Video Briefing

Nomad Capitalist: Why Nomads need an expat-focused tax expert (Case Study)

May 26, 2017Video Briefing5:09Watch on YouTube

Living abroad doesn’t automatically eliminate U.S. tax obligations. A recent case involving a U.S. entrepreneur who moved to Malaysia illustrates how costly mistakes can be avoided by working with tax professionals who specialize in expatriate and digital‑nomad issues.

The Malaysia example

  • Residency: The individual, Travis, obtained a Malaysia My Second Home (MM2H) permit, paying roughly US $75,000 and depositing the same amount in a local bank account. Malaysia operates a territorial tax system, meaning only income earned within the country is subject to Malaysian tax.
  • Income sources: After selling a U.S. business, Travis lived off savings, investment income, and profits from the sale. He had no Malaysian tax liability because his income was not generated in Malaysia.
  • U.S. tax filing: He filed his U.S. return through a general tax firm rather than an expat‑focused specialist. The firm treated his situation as a standard U.S. taxpayer, resulting in a tax bill of US $59,000 for 2016.
  • Missed exemptions: Travis claimed he did not qualify for the foreign earned income exclusion because he spent more than 35 days in the United States that year. However, a deeper review showed he did qualify under other provisions, and part of the tax should have been mitigated by his foreign residency.
  • Outcome after correction:
    • An amended return is expected to return about US $20,000 to Travis.
    • Restructuring the U.S. corporation (moving it out of a C‑corp format) is projected to save approximately US $70,000 in the current year, potentially reducing his liability to zero under both U.S. and Malaysian law.

Why a specialist matters

  1. Understanding of international tax law – U.S. citizens must still file a federal return, report worldwide income, and comply with forms such as FBAR (FinCEN Form 114) and Form 8938 for foreign assets. General accountants may overlook these requirements.
  2. Eligibility for exclusions and credits – The Foreign Earned Income Exclusion (FEIE), Foreign Tax Credit (FTC), and Physical Presence Test each have specific thresholds. A specialist can determine which apply based on days spent abroad, type of income, and residency status.
  3. Cost efficiency – For many freelancers earning $30 k–$60 k annually, a small expat‑focused firm or independent tax preparer often charges less than a large U.S. firm. In the presenter’s experience, the first expat‑focused filing cost slightly less than a comparable domestic filing.
  4. Strategic planning – Higher‑earning expats (e.g., those making $100 k+) benefit from a holistic approach that includes:
    • Choosing the optimal corporate structure (e.g., S‑corp vs. C‑corp vs. foreign entity).
    • Timing income and deductions to maximize exclusions.
    • Coordinating foreign bank account reporting to avoid penalties.

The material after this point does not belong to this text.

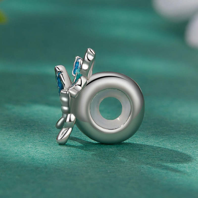 Blauer Schmetterlings-Stopper-Charm, Spacer-Charm, Silber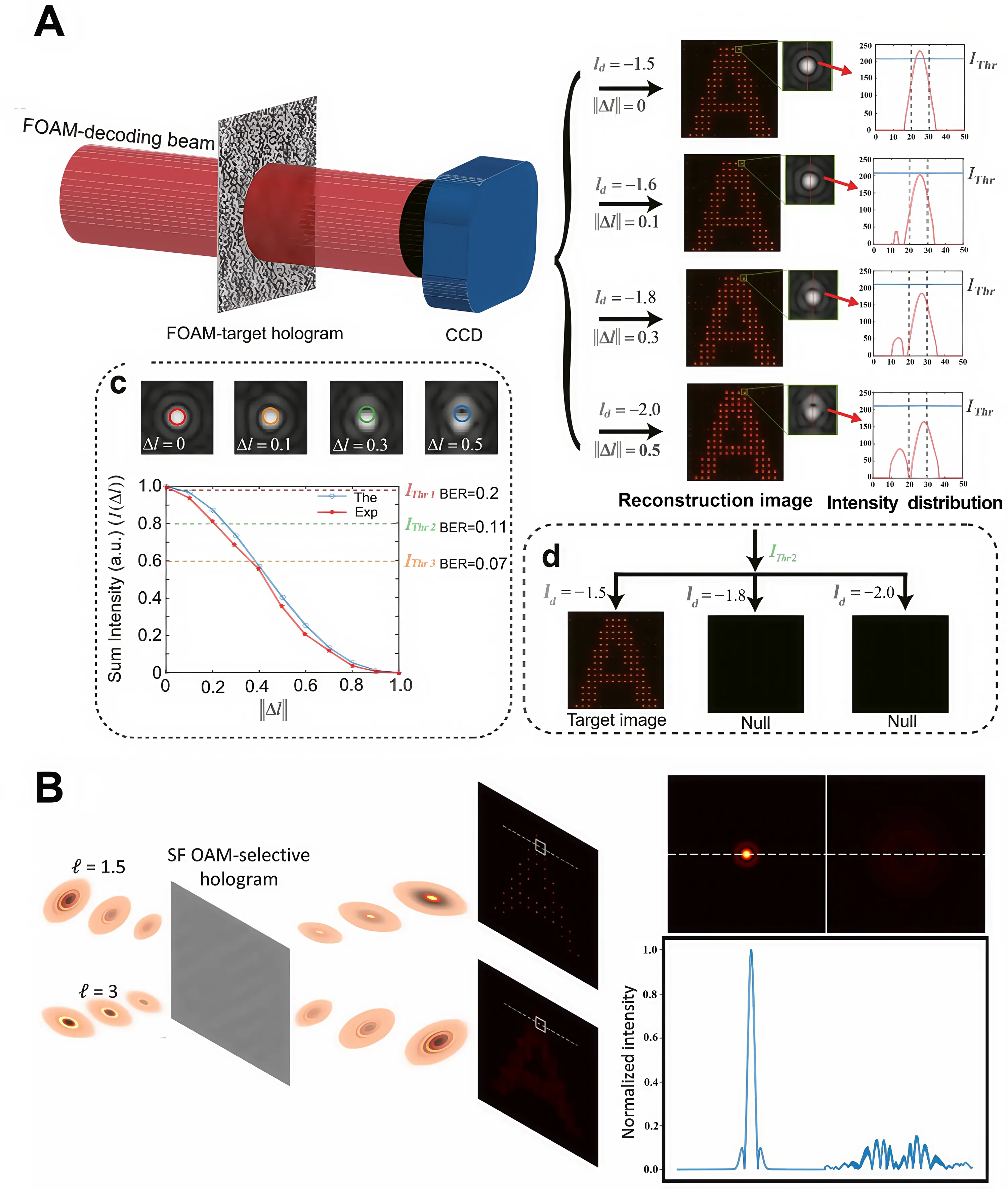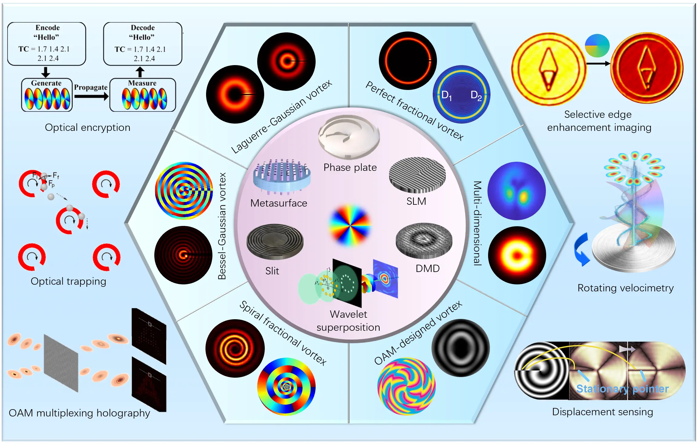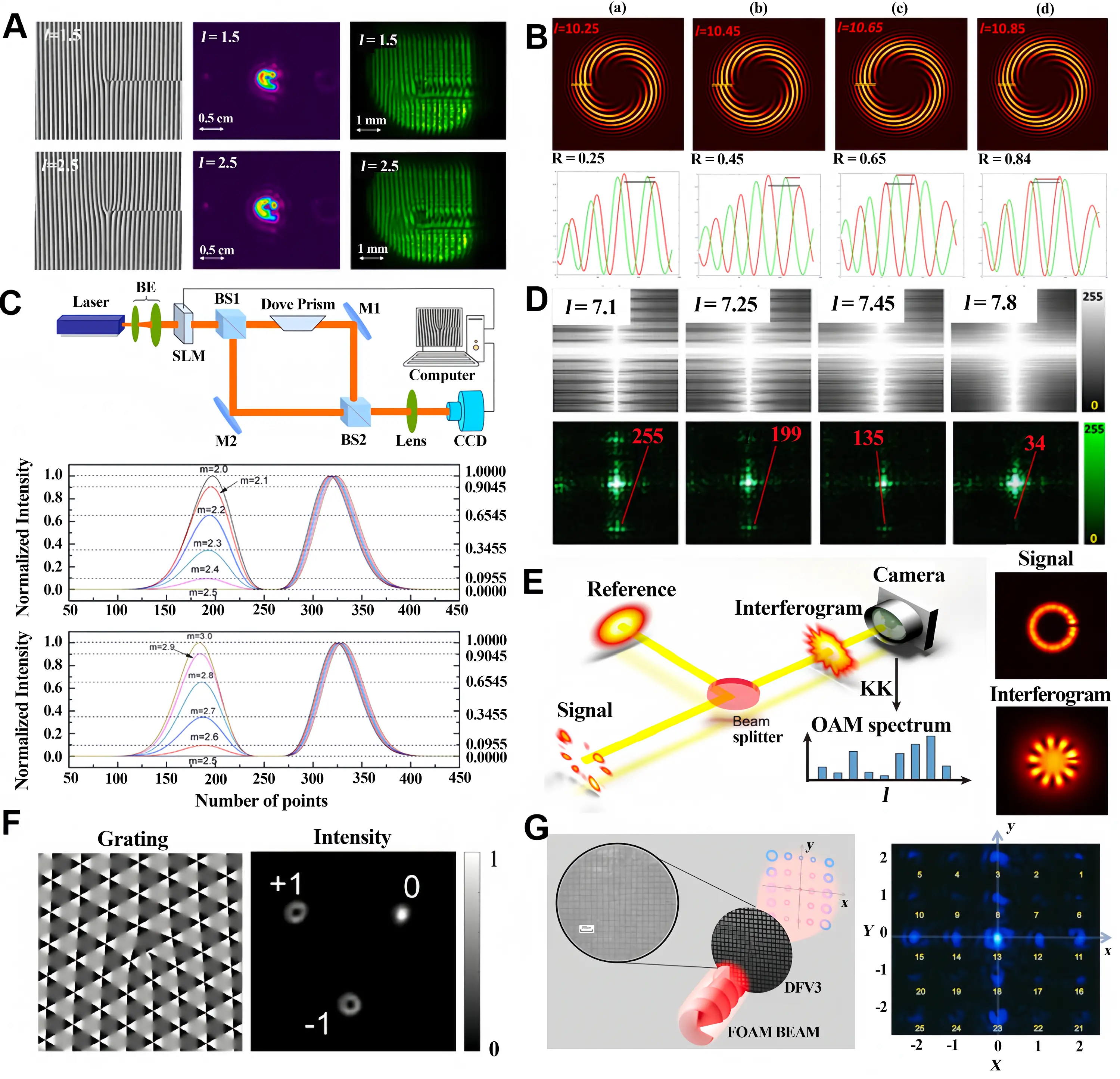 where G is the parameter related to the grating spatial frequency. When this hologram is loaded onto an amplitude-modulating device, the encoded fractional vortex beam can be reconstructed in the diffraction field, as illustrated in Figure 6A[79].

Practical steps for U.S. expats

  • Hire an expat‑experienced tax professional before filing. Verify that they have experience with the specific country’s residency rules and U.S. international tax compliance.
  • Track days abroad meticulously. The 35‑day rule for the FEIE is a common pitfall; the Physical Presence Test requires 330 full days outside the U.S. within a 12‑month period.
  • Maintain proper documentation for foreign bank accounts, investments, and residency permits. Failure to file FBAR can result in penalties exceeding $10,000 per violation.
  • Consider corporate restructuring early. If you plan to operate a business while abroad, evaluate whether a foreign entity, an S‑corp, or a properly managed C‑corp best serves your tax position.
  • Review and amend past returns if you suspect overpayment. Amendments can recover refunds and correct misapplied tax rules, as demonstrated by the Malaysia case.

Bottom line

U.S. expatriates who ignore the nuances of international tax law risk paying thousands of dollars unnecessarily. Engaging a tax professional versed in expat and digital‑nomad regulations can uncover eligible exclusions, avoid penalties, and, in many cases, substantially reduce or eliminate U.S. tax liability.